__Supplied data__.
========================================
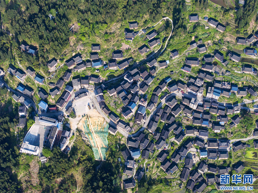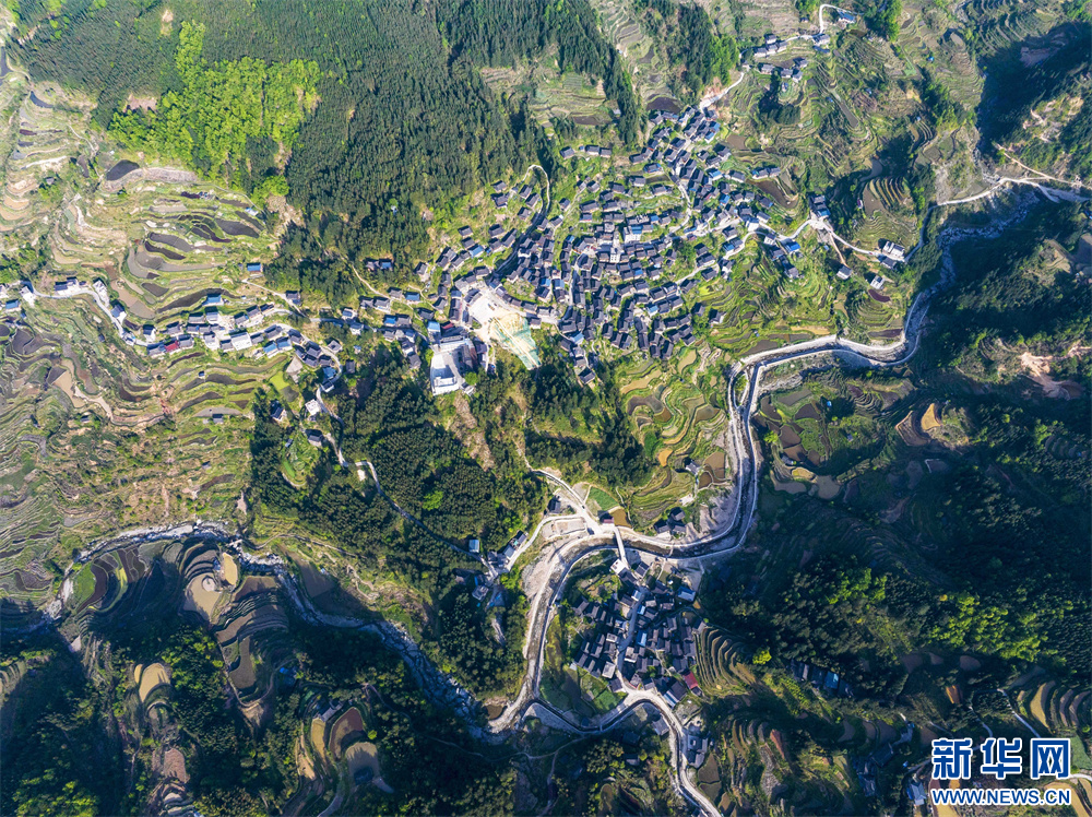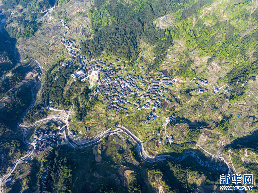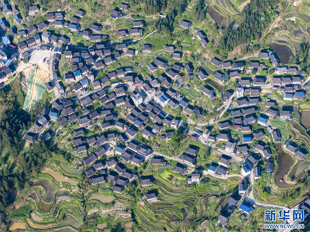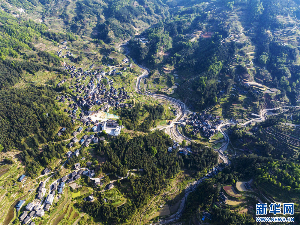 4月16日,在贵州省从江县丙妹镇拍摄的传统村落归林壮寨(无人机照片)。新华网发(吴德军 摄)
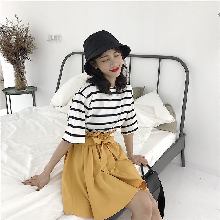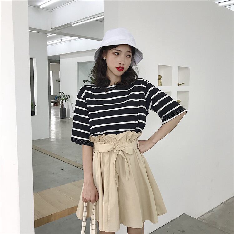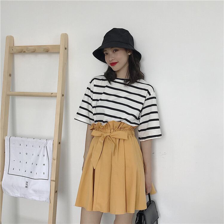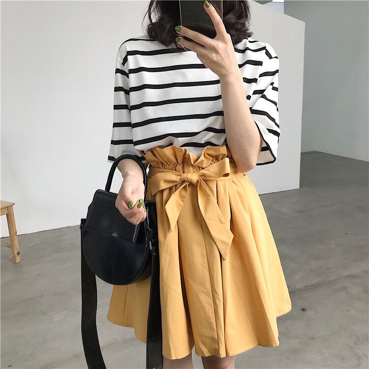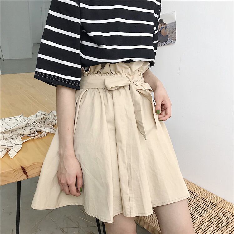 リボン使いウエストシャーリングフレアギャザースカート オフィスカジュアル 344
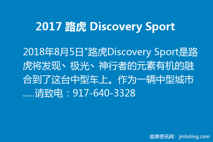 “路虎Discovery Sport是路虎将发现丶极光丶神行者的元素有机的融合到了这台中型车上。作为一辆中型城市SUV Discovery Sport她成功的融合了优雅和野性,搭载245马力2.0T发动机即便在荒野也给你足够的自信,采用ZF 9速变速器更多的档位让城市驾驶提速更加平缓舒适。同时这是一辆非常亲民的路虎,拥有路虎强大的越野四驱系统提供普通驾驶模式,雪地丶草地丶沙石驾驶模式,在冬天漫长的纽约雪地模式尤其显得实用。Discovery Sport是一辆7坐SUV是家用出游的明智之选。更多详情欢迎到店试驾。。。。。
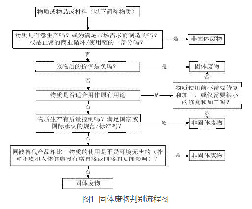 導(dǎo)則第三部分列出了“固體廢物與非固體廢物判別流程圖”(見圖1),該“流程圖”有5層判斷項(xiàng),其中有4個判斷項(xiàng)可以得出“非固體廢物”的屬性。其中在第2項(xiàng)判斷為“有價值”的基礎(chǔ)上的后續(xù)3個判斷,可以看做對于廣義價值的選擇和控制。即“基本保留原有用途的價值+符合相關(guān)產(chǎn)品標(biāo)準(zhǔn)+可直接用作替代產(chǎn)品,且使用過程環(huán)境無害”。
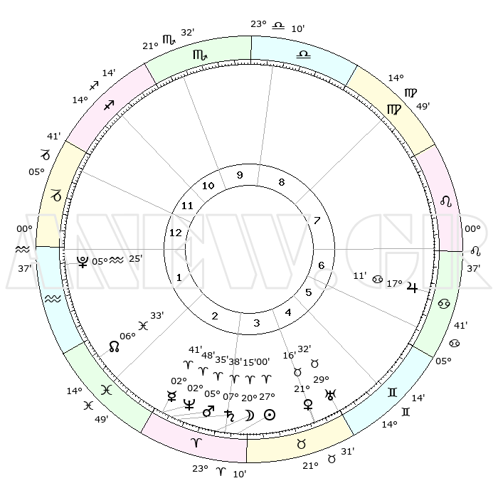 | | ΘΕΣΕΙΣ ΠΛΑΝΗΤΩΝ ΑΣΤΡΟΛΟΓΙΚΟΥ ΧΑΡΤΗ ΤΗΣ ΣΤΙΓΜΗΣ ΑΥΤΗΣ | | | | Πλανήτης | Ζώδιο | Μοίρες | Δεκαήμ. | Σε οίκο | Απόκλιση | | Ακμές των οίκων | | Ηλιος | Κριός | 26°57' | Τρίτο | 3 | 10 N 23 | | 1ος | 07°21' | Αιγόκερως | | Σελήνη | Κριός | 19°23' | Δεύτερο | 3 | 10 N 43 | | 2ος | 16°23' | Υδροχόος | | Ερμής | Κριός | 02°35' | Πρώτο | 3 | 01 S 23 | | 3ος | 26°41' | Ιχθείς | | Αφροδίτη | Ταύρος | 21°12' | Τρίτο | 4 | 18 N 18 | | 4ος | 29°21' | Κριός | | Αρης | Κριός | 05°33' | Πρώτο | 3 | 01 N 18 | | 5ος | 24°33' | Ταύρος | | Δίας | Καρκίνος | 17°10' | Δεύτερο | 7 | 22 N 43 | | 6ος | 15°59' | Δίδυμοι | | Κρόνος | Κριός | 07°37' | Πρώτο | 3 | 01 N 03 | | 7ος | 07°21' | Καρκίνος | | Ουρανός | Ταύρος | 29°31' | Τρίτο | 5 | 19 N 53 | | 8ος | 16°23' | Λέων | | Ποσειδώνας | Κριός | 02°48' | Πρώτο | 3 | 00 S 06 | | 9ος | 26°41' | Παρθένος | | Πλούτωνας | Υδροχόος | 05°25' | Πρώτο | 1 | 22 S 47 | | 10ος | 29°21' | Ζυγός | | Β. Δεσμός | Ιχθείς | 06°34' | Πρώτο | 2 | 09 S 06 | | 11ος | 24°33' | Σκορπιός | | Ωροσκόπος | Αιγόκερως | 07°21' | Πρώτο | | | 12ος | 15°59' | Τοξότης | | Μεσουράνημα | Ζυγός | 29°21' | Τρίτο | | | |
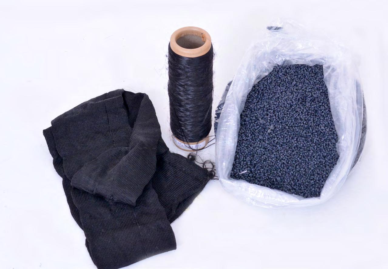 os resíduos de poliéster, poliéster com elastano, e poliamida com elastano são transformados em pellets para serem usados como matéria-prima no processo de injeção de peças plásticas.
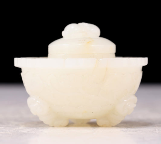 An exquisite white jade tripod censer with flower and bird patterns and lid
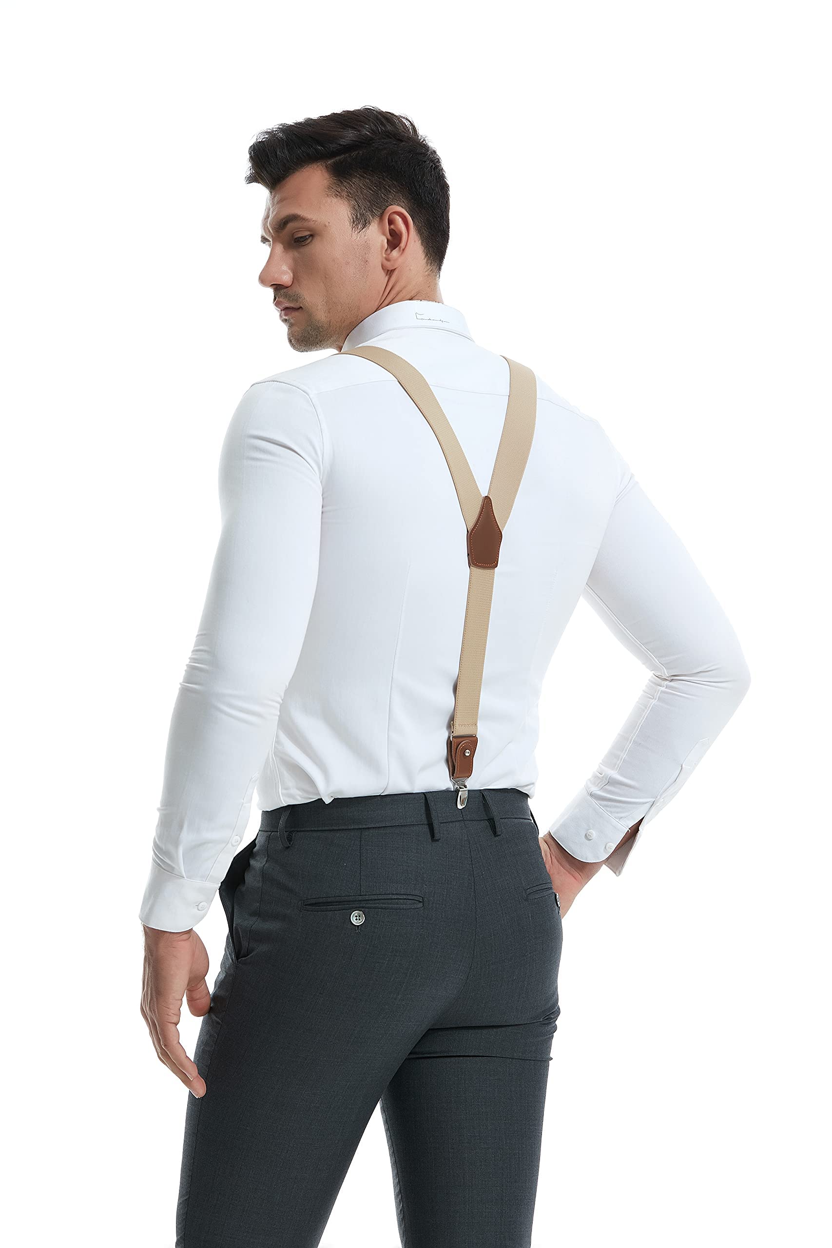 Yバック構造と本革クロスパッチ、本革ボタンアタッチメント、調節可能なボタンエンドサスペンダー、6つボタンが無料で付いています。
========================================
Please give the records again word for word, omitting all images.

 4月16日,在贵州省从江县丙妹镇拍摄的传统村落归林壮寨(无人机照片)。新华网发(吴德军 摄)
 リボン使いウエストシャーリングフレアギャザースカート オフィスカジュアル 344
 “路虎Discovery Sport是路虎将发现丶极光丶神行者的元素有机的融合到了这台中型车上。作为一辆中型城市SUV Discovery Sport她成功的融合了优雅和野性,搭载245马力2.0T发动机即便在荒野也给你足够的自信,采用ZF 9速变速器更多的档位让城市驾驶提速更加平缓舒适。同时这是一辆非常亲民的路虎,拥有路虎强大的越野四驱系统提供普通驾驶模式,雪地丶草地丶沙石驾驶模式,在冬天漫长的纽约雪地模式尤其显得实用。Discovery Sport是一辆7坐SUV是家用出游的明智之选。更多详情欢迎到店试驾。。。。。
 導(dǎo)則第三部分列出了“固體廢物與非固體廢物判別流程圖”(見圖1),該“流程圖”有5層判斷項(xiàng),其中有4個判斷項(xiàng)可以得出“非固體廢物”的屬性。其中在第2項(xiàng)判斷為“有價值”的基礎(chǔ)上的后續(xù)3個判斷,可以看做對于廣義價值的選擇和控制。即“基本保留原有用途的價值+符合相關(guān)產(chǎn)品標(biāo)準(zhǔn)+可直接用作替代產(chǎn)品,且使用過程環(huán)境無害”。
 | | ΘΕΣΕΙΣ ΠΛΑΝΗΤΩΝ ΑΣΤΡΟΛΟΓΙΚΟΥ ΧΑΡΤΗ ΤΗΣ ΣΤΙΓΜΗΣ ΑΥΤΗΣ | | | | Πλανήτης | Ζώδιο | Μοίρες | Δεκαήμ. | Σε οίκο | Απόκλιση | | Ακμές των οίκων | | Ηλιος | Κριός | 26°57' | Τρίτο | 3 | 10 N 23 | | 1ος | 07°21' | Αιγόκερως | | Σελήνη | Κριός | 19°23' | Δεύτερο | 3 | 10 N 43 | | 2ος | 16°23' | Υδροχόος | | Ερμής | Κριός | 02°35' | Πρώτο | 3 | 01 S 23 | | 3ος | 26°41' | Ιχθείς | | Αφροδίτη | Ταύρος | 21°12' | Τρίτο | 4 | 18 N 18 | | 4ος | 29°21' | Κριός | | Αρης | Κριός | 05°33' | Πρώτο | 3 | 01 N 18 | | 5ος | 24°33' | Ταύρος | | Δίας | Καρκίνος | 17°10' | Δεύτερο | 7 | 22 N 43 | | 6ος | 15°59' | Δίδυμοι | | Κρόνος | Κριός | 07°37' | Πρώτο | 3 | 01 N 03 | | 7ος | 07°21' | Καρκίνος | | Ουρανός | Ταύρος | 29°31' | Τρίτο | 5 | 19 N 53 | | 8ος | 16°23' | Λέων | | Ποσειδώνας | Κριός | 02°48' | Πρώτο | 3 | 00 S 06 | | 9ος | 26°41' | Παρθένος | | Πλούτωνας | Υδροχόος | 05°25' | Πρώτο | 1 | 22 S 47 | | 10ος | 29°21' | Ζυγός | | Β. Δεσμός | Ιχθείς | 06°34' | Πρώτο | 2 | 09 S 06 | | 11ος | 24°33' | Σκορπιός | | Ωροσκόπος | Αιγόκερως | 07°21' | Πρώτο | | | 12ος | 15°59' | Τοξότης | | Μεσουράνημα | Ζυγός | 29°21' | Τρίτο | | | |
 os resíduos de poliéster, poliéster com elastano, e poliamida com elastano são transformados em pellets para serem usados como matéria-prima no processo de injeção de peças plásticas.
 An exquisite white jade tripod censer with flower and bird patterns and lid
 Yバック構造と本革クロスパッチ、本革ボタンアタッチメント、調節可能なボタンエンドサスペンダー、6つボタンが無料で付いています。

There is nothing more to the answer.